A string describing the purpose of the universe.

  • Type: string
  • Required: No

Example:

description: "A core portfolio of global, diversified ETFs."

filter_criteria

This section defines the rules for the initial asset selection, corresponding to the select_assets.py script.

Parameter Type Description Default
data_status list[string] Allowed data quality statuses. Options: ok, warning, error. ["ok"]
min_history_days integer Minimum number of calendar days of price history. 252
min_price_rows integer Minimum number of non-null price data points. 252
max_gap_days integer Maximum allowed gap in days between consecutive prices. 10
markets list[string] List of allowed market codes (e.g., "LSE", "NYSE"). (all)
regions list[string] List of allowed geographic regions. (all)
currencies list[string] List of allowed currencies (e.g., "USD", "GBP"). (all)
categories list[string] List of allowed custom categories. (all)
allowlist list[string] List of symbols/ISINs to force-include. (none)
blocklist list[string] List of symbols/ISINs to always exclude. (none)

Example:

filter_criteria:
  data_status: ["ok", "warning"]
  min_history_days: 756
  markets: ["LSE", "NYSE"]
  currencies: ["GBP", "USD"]

classification_requirements

This section allows you to filter assets based on their classification, which is determined by the classify_assets.py script.

Parameter Type Description
asset_class list[string] Allowed asset classes (e.g., "equity", "commodity").
sub_class list[string] Allowed sub-classes (e.g., "growth", "value").
geography list[string] Allowed geographies (e.g., "north_america", "europe").
sector list[string] Allowed sectors (e.g., "Technology", "Healthcare").
tags list[string] Allowed custom tags.

Example:

classification_requirements:
  asset_class: ["equity"]
  geography: ["north_america", "united_kingdom"]

return_config

This section defines the parameters for the return calculation, corresponding to the calculate_returns.py script.

Parameter Type Description Default
method string Return calculation method. Options: simple, log, excess. simple
frequency string Resampling frequency. Options: daily, weekly, monthly. daily
handle_missing string How to handle missing data. Options: forward_fill, interpolate, drop. forward_fill
max_forward_fill_days integer Maximum number of days to forward fill. 5
min_periods integer Minimum number of return periods required for an asset to be included. 5
align_method string How to align assets with different date ranges. Options: outer, inner. outer
min_coverage float Minimum percentage (0.0 to 1.0) of non-null returns required. 0.8

Example:

return_config:
  method: "log"
  frequency: "monthly"
  handle_missing: "interpolate"

constraints

This section sets high-level constraints on the final size of the universe.

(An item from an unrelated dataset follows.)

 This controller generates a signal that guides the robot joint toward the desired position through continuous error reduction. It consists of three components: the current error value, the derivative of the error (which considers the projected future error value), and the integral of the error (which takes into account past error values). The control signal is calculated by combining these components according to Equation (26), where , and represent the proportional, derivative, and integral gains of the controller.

Parameter Type Description
min_assets integer The minimum number of assets the universe must have.
max_assets integer The maximum number of assets the universe can have.

Example:

constraints:
  min_assets: 30
  max_assets: 50

pit_eligibility

This section enables Point-in-Time eligibility filtering to avoid lookahead bias in backtests.

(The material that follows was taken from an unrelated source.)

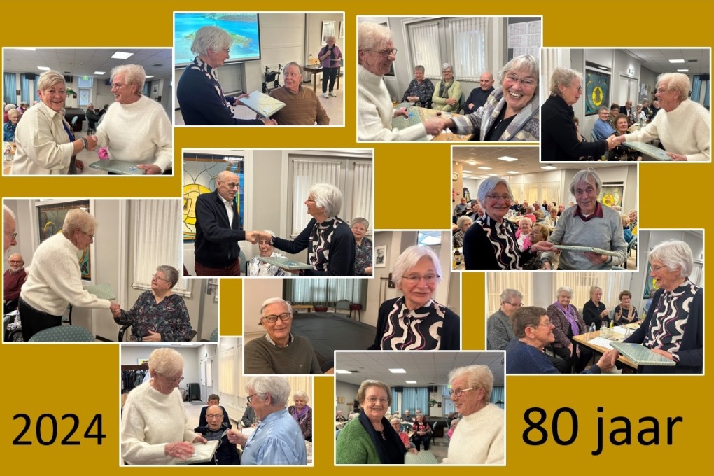 Daarna werden de cadeautjes aan de nieuwe 80-jarigen overhandigd (zie groepsfoto).

Parameter Type Description Default
enabled boolean Enable or disable PIT eligibility. false
min_history_days integer Minimum calendar days of history required at a point in time. 252
min_price_rows integer Minimum data points required at a point in time. 252

Example:

pit_eligibility:
  enabled: true
  min_history_days: 504
  min_price_rows: 480

preselection

This section configures the factor-based preselection of assets to reduce the universe size before optimization.

Parameter Type Description Default
method string Preselection method. Options: momentum, low_vol, combined. (disabled)
top_k integer The number of top assets to select. (disabled)
lookback integer The lookback period in days for factor calculation. 252
skip integer Number of most recent days to skip for momentum calculation. 1
min_periods integer Minimum number of data points required for a valid factor score. 60
momentum_weight float Weight for the momentum factor (for combined method). 0.5
low_vol_weight float Weight for the low-volatility factor (for combined method). 0.5

Example:

preselection:
  method: "combined"
  top_k: 50
  lookback: 252
  momentum_weight: 0.6
  low_vol_weight: 0.4

membership_policy

This section configures the rules for asset turnover and portfolio stability.

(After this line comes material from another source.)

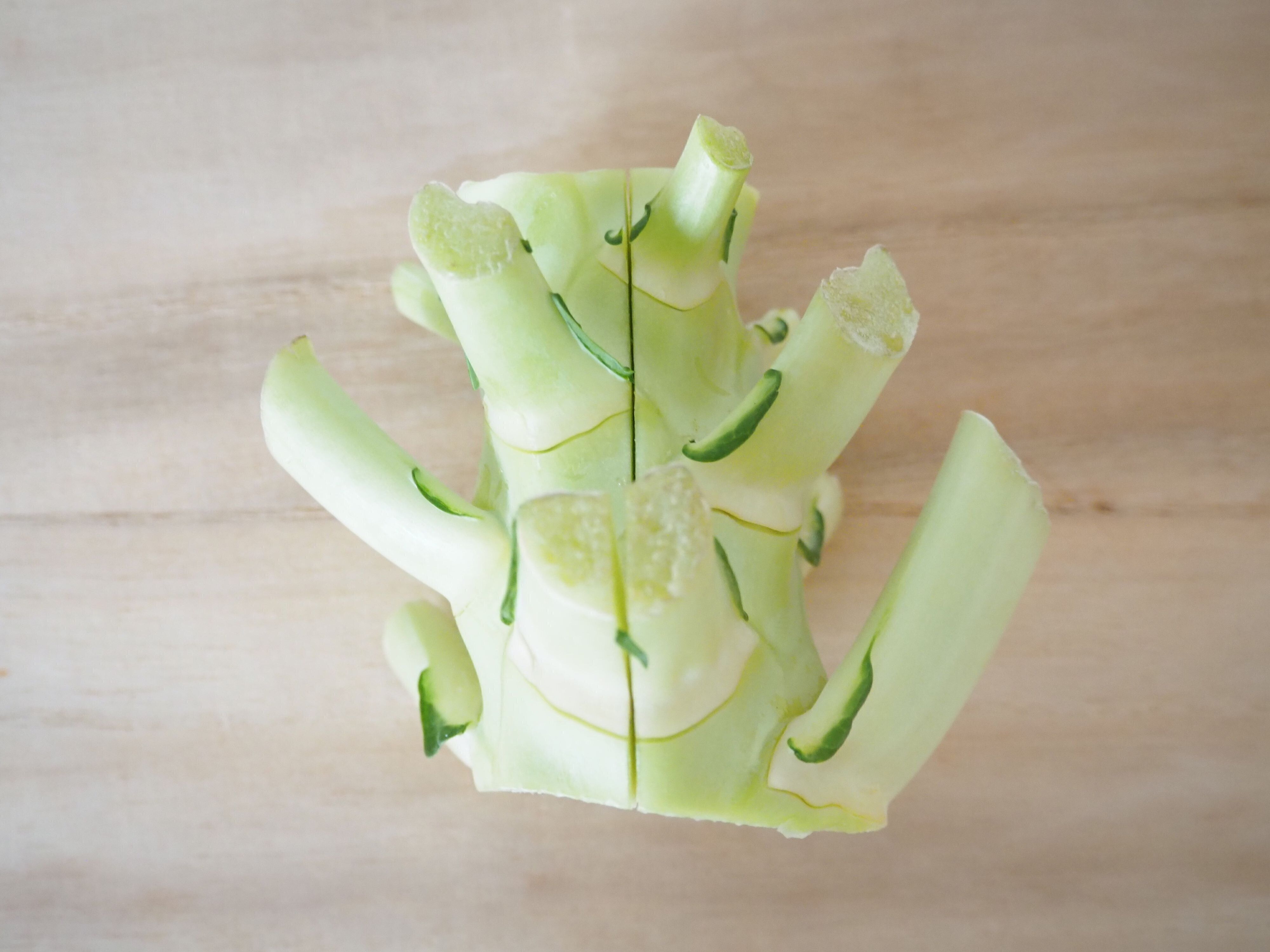 では、さっそく実践してみましょう。まずはつぼみから茎を切り離し、縦に切り込みを入れます。

Parameter Type Description Default
enabled boolean Enable or disable the membership policy. false
min_holding_periods integer Minimum number of rebalance periods to hold an asset. 0
buffer_rank integer A rank buffer to keep existing holdings even if they fall out of the top_k. 0
max_turnover float Maximum allowed portfolio turnover (0.0 to 1.0) per rebalance. (none)
max_new_assets integer Maximum number of new assets to add per rebalance. (none)
max_removed_assets integer Maximum number of assets to remove per rebalance. (none)

Example:

membership_policy:
  enabled: true
  min_holding_periods: 3
  buffer_rank: 60
  max_turnover: 0.25